Task objective:
Write down exactly the lines from the one below that has "- Die vorgebackenen" to the end of the data, both ends included; the pictures should not appear in your copy.

[Exercise material]

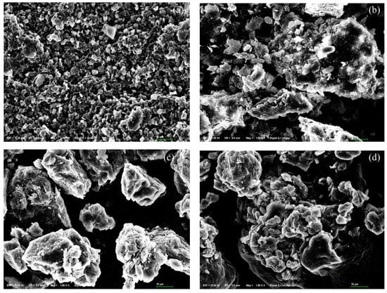 The distinctly different morphological features of unmodified common C. vulgaris and S. platensis is shown in Figure 5. The surface of C. vulgaris is relatively flat and uniformly distributed with many round particles (Figure 5a), with many tiny pores and cavities between these particles. In contrast, S. platensis particles have an irregular shape, with many elongated grooves and larger cavities on the surface (Figure 5c). This structure of S. platensis may allow heavy metal molecules to penetrate more easily into the internal structure and interact with the functional groups on its surface.
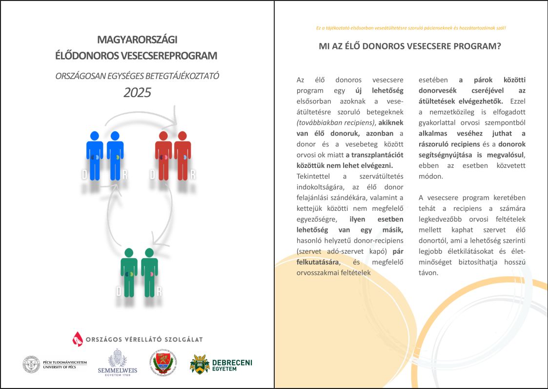 The Hungarian program, launched in 2024, relies on the recruitment of additional voluntary donor-recipient pairs. This new leaflet also supports the implementation of the EURO-KEP project and the development of the Hungarian KEP.
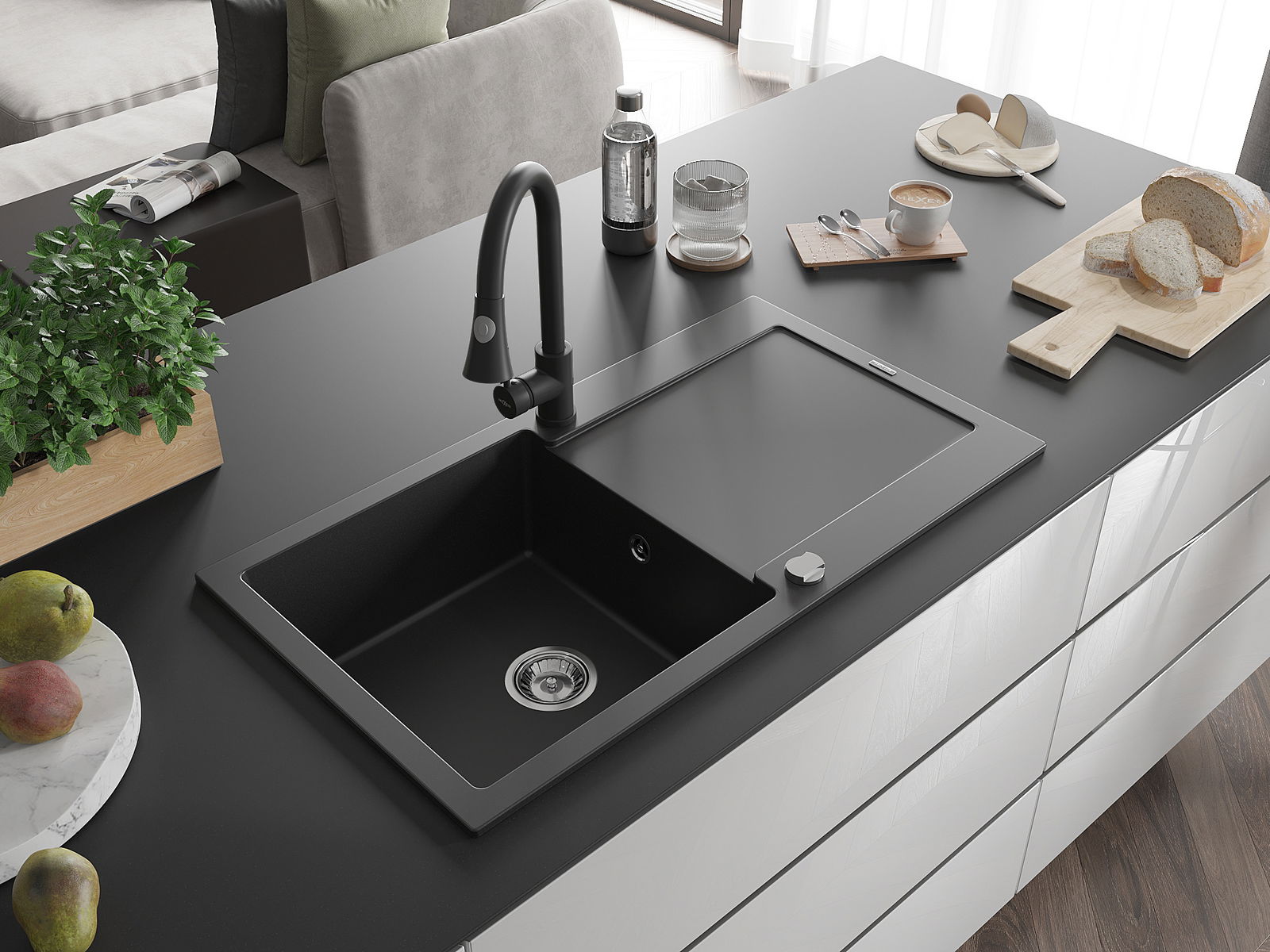 Suprafața chiuvetei este rezistentă la pete și decolorarea, datorită căreia este ușor de curățat și își păstrează culoarea mult timp. Estetică și practic completarea fiecărei bucătării.
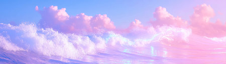 A mesmerizing scene of foamy ocean waves gently rolling toward the shoreline, illuminated by warm sunlight, showcasing natures rhythm, fluidity, and timeless allure in a harmonious seaside
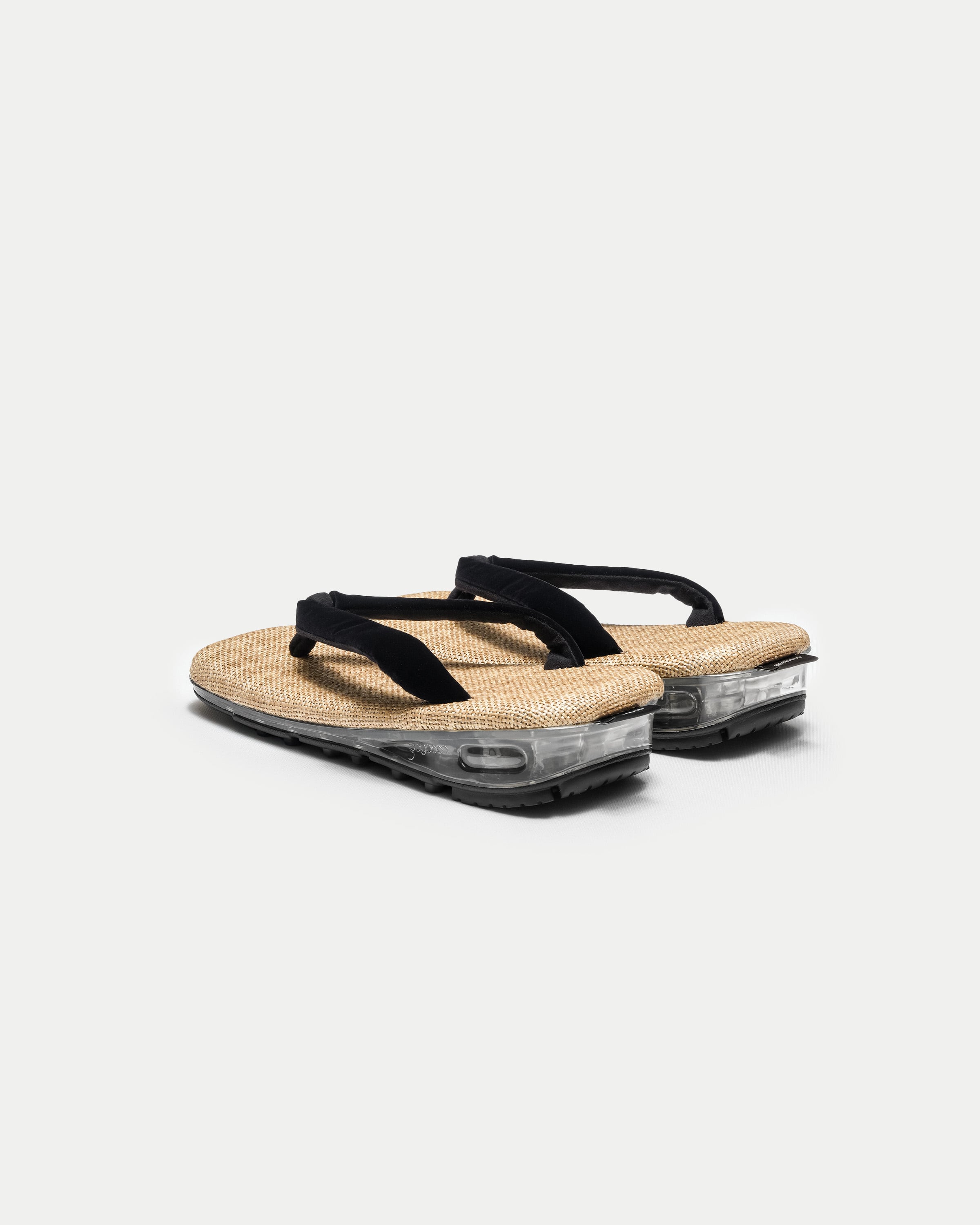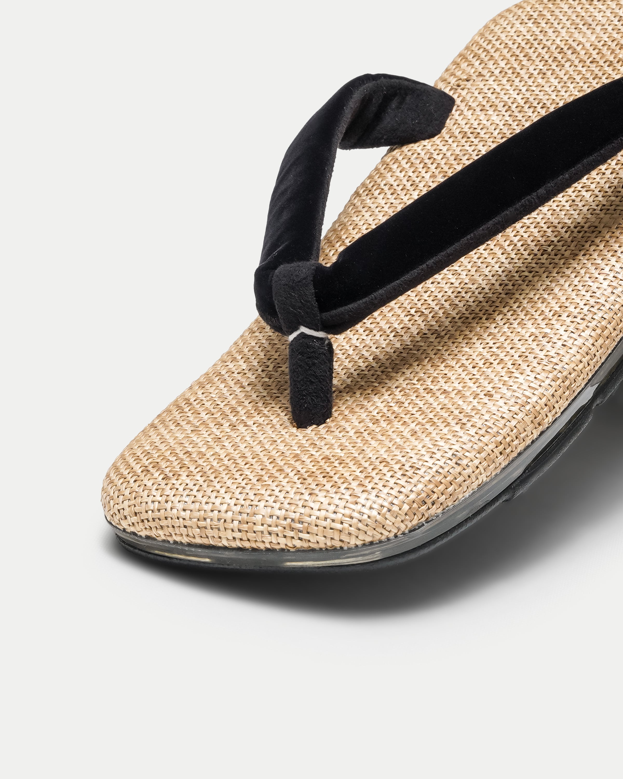 本作は、伝統的なビロード生地の鼻緒を採用したスタンダードなモデル(BLACK / SUMI)に加え、ボリュームのある鼻緒が足をやさしく包み込むPADDEDモデル(BLACK / SUMI)の全4種がラインナップ。
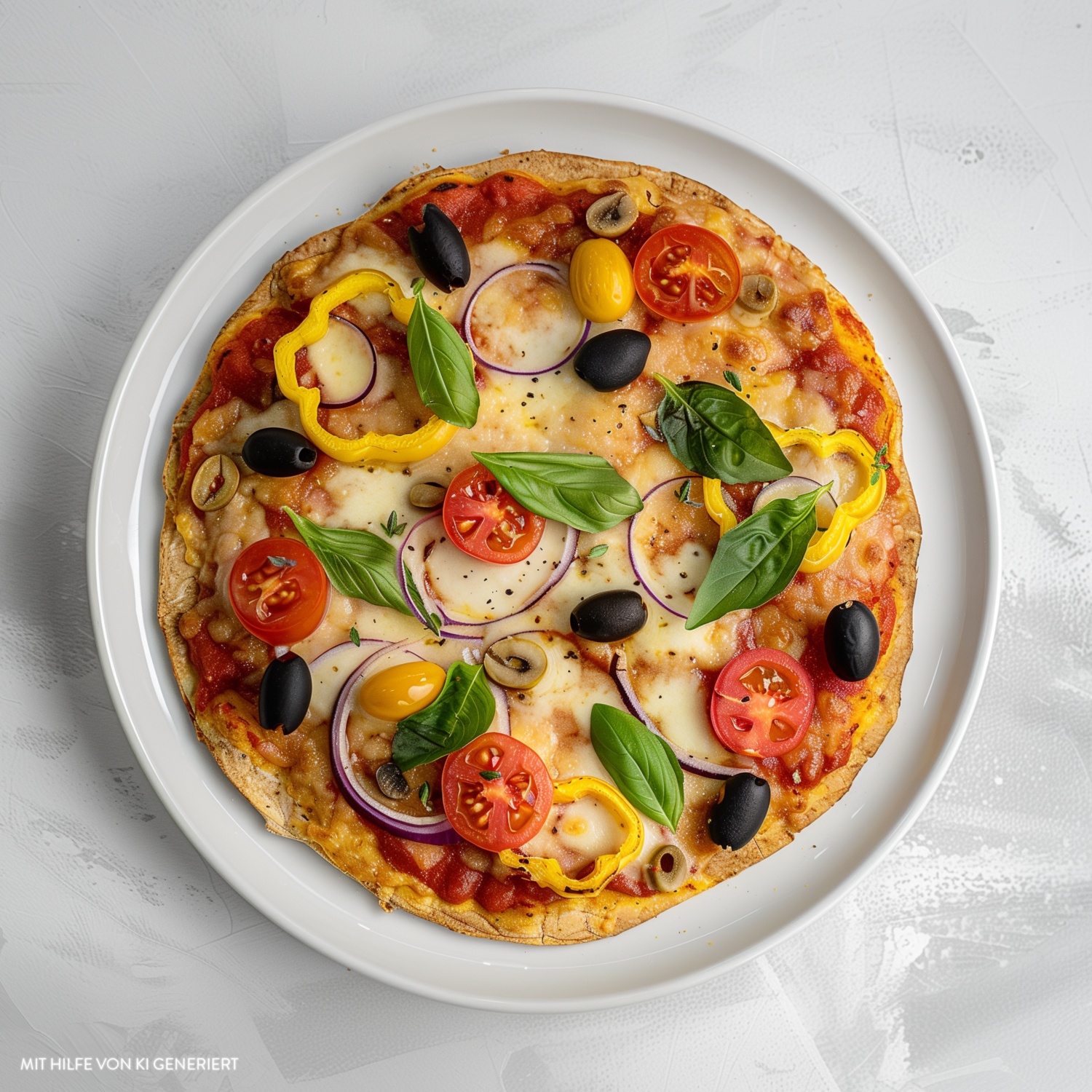 - Die vorgebackenen Böden mit der Tomatensauce bestreichen. Den Mozzarella in Scheiben schneiden und gleichmäßig auf die Pizzateige geben. Mit dem vorbereiteten Gemüse und den Oliven belegen.
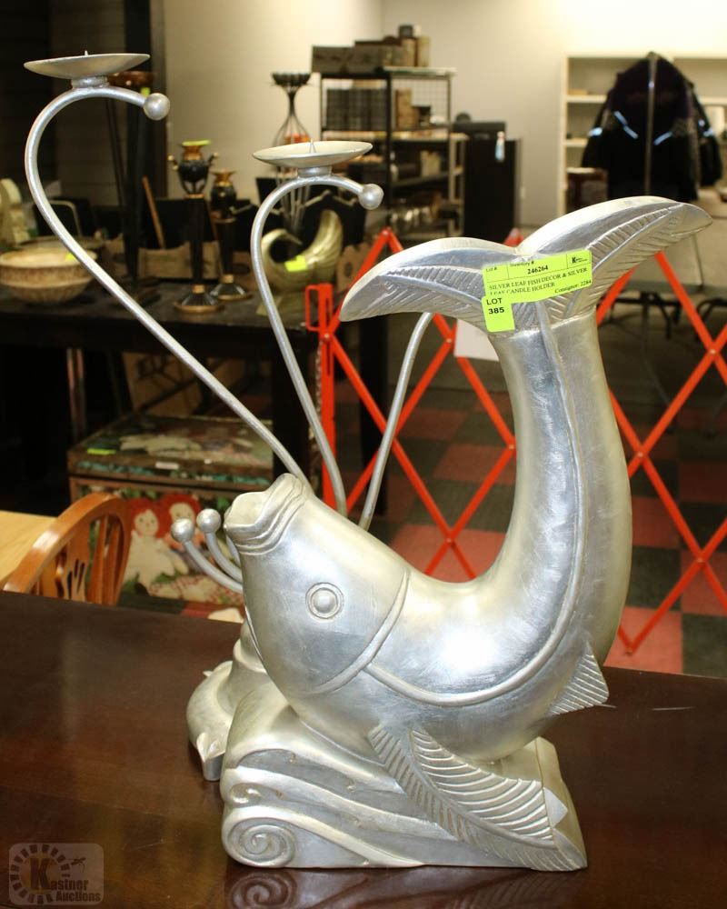 SILVER LEAF FISH DECOR & SILVER LEAF CANDLE HOLDER

[/Exercise material]

Solution to this exercise:
 - Die vorgebackenen Böden mit der Tomatensauce bestreichen. Den Mozzarella in Scheiben schneiden und gleichmäßig auf die Pizzateige geben. Mit dem vorbereiteten Gemüse und den Oliven belegen.
 SILVER LEAF FISH DECOR & SILVER LEAF CANDLE HOLDER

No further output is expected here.